WHAT THE TASK REQUIRES:
Copy exactly the lines from the one containing "1. of, to, at, to." through the last line of the records below, both included, and leave out the pictures.

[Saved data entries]
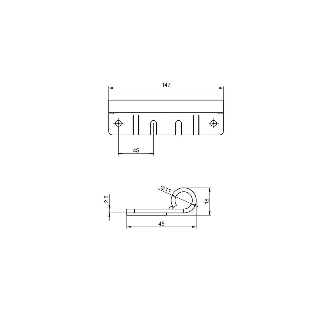Support de roulette double. Dim : 147x45mm, épaisseur 2,5mm. Conçu pour tiges Ø11mm. Idéal pour galet long.
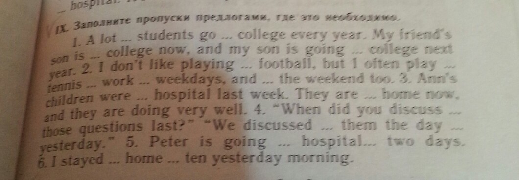 1. of, to, at, to. 2. -, -, at, on, at. 3. in, at. 4. -, -, before. 5. to, for. 6. at, at.
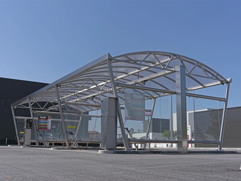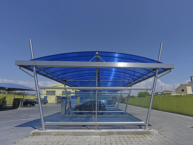Avec 8300 mm de bandeau à bandeau, cet abri est idéal pour les centres de lavage recherchant une solution différenciante et de haute qualité.
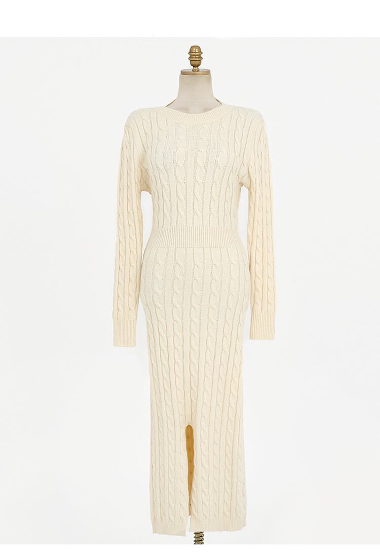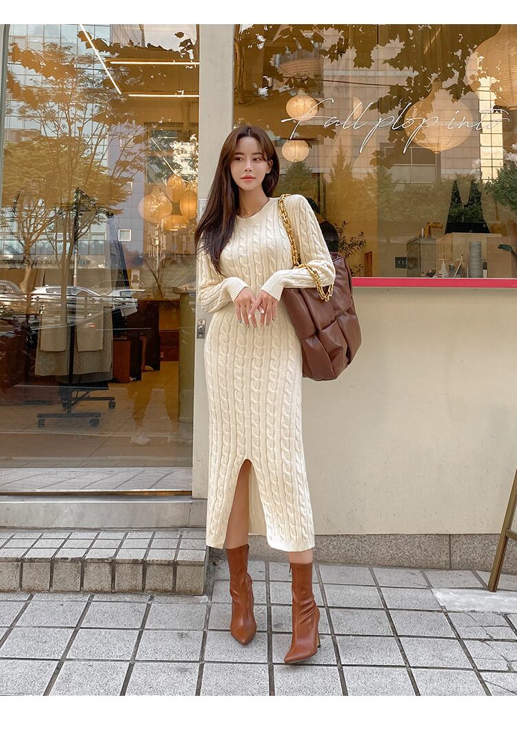 秋冬女性長袖Oネックスプリットツイストウォームシックセータードレスボディコンプルオーバーミディニットドレス ロング オータム 秋物 ウィンター 冬物
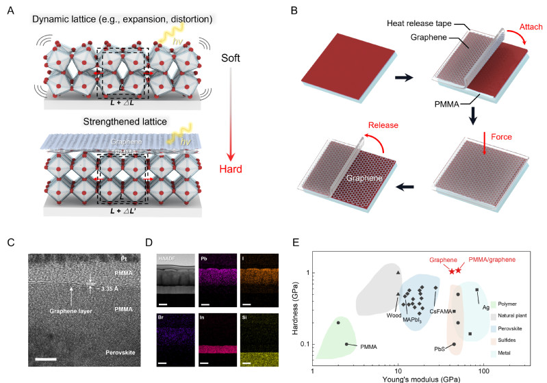 北京時(shí)間3月7日凌晨,華東理工大學(xué)材料學(xué)院清潔能源材料與器件團(tuán)隊(duì)侯宇教授、楊雙教授等人在Science(《科學(xué)》)發(fā)表題為“Graphene-polymer reinforcement of perovskite lattices for durable solar cells”的最新研究成果。該研究發(fā)現(xiàn)了鈣鈦礦光伏不穩(wěn)定性的關(guān)鍵機(jī)制——光機(jī)械誘導(dǎo)分解效應(yīng),提出石墨烯-聚合物機(jī)械增強(qiáng)鈣鈦礦材料的新方法,制備的太陽(yáng)能電池器件在標(biāo)準(zhǔn)太陽(yáng)光照及高溫下的T97工作壽命創(chuàng)下3670小時(shí)新紀(jì)錄,該研究成果將為鈣鈦礦太陽(yáng)電池的產(chǎn)業(yè)化應(yīng)用提供全新解決方案。
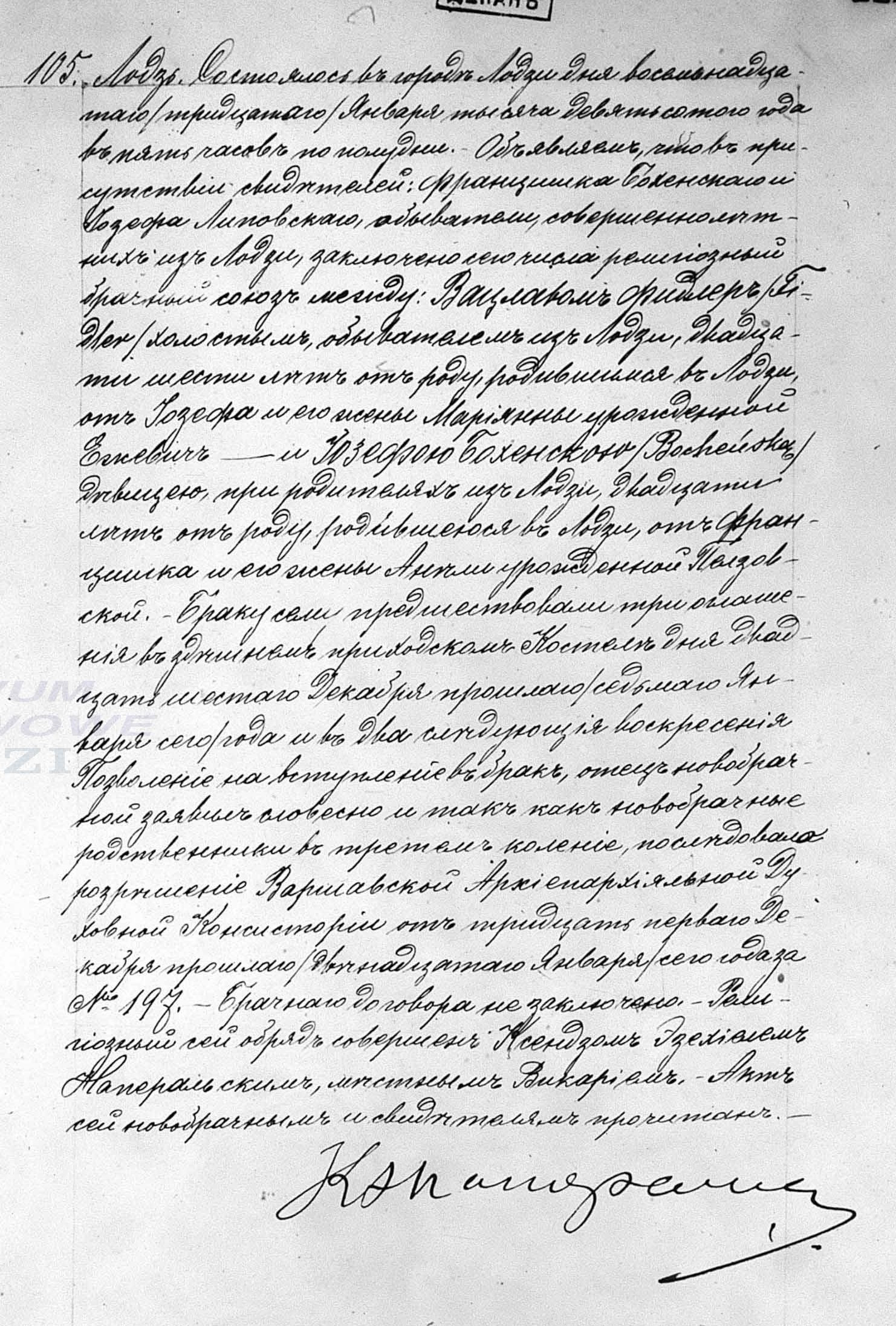 | sw.1165237 | sw.1165237 | sw.591895 (sw.591895) | sw.591898 (sw.591898) | Akt małżeństwa: Łódź NMP (obecn. woj. łódz.), 105/1900 [indeks na http://geneteka.genealodzy.pl/] http://metryki.genealodzy.pl/metryki.php?op=kt&ar=3&zs=1562d&sy=1900&kt=3 [podgląd] |

ANSWER BOX:
 1. of, to, at, to. 2. -, -, at, on, at. 3. in, at. 4. -, -, before. 5. to, for. 6. at, at.
Avec 8300 mm de bandeau à bandeau, cet abri est idéal pour les centres de lavage recherchant une solution différenciante et de haute qualité.
 秋冬女性長袖Oネックスプリットツイストウォームシックセータードレスボディコンプルオーバーミディニットドレス ロング オータム 秋物 ウィンター 冬物
 北京時(shí)間3月7日凌晨,華東理工大學(xué)材料學(xué)院清潔能源材料與器件團(tuán)隊(duì)侯宇教授、楊雙教授等人在Science(《科學(xué)》)發(fā)表題為“Graphene-polymer reinforcement of perovskite lattices for durable solar cells”的最新研究成果。該研究發(fā)現(xiàn)了鈣鈦礦光伏不穩(wěn)定性的關(guān)鍵機(jī)制——光機(jī)械誘導(dǎo)分解效應(yīng),提出石墨烯-聚合物機(jī)械增強(qiáng)鈣鈦礦材料的新方法,制備的太陽(yáng)能電池器件在標(biāo)準(zhǔn)太陽(yáng)光照及高溫下的T97工作壽命創(chuàng)下3670小時(shí)新紀(jì)錄,該研究成果將為鈣鈦礦太陽(yáng)電池的產(chǎn)業(yè)化應(yīng)用提供全新解決方案。
 | sw.1165237 | sw.1165237 | sw.591895 (sw.591895) | sw.591898 (sw.591898) | Akt małżeństwa: Łódź NMP (obecn. woj. łódz.), 105/1900 [indeks na http://geneteka.genealodzy.pl/] http://metryki.genealodzy.pl/metryki.php?op=kt&ar=3&zs=1562d&sy=1900&kt=3 [podgląd] |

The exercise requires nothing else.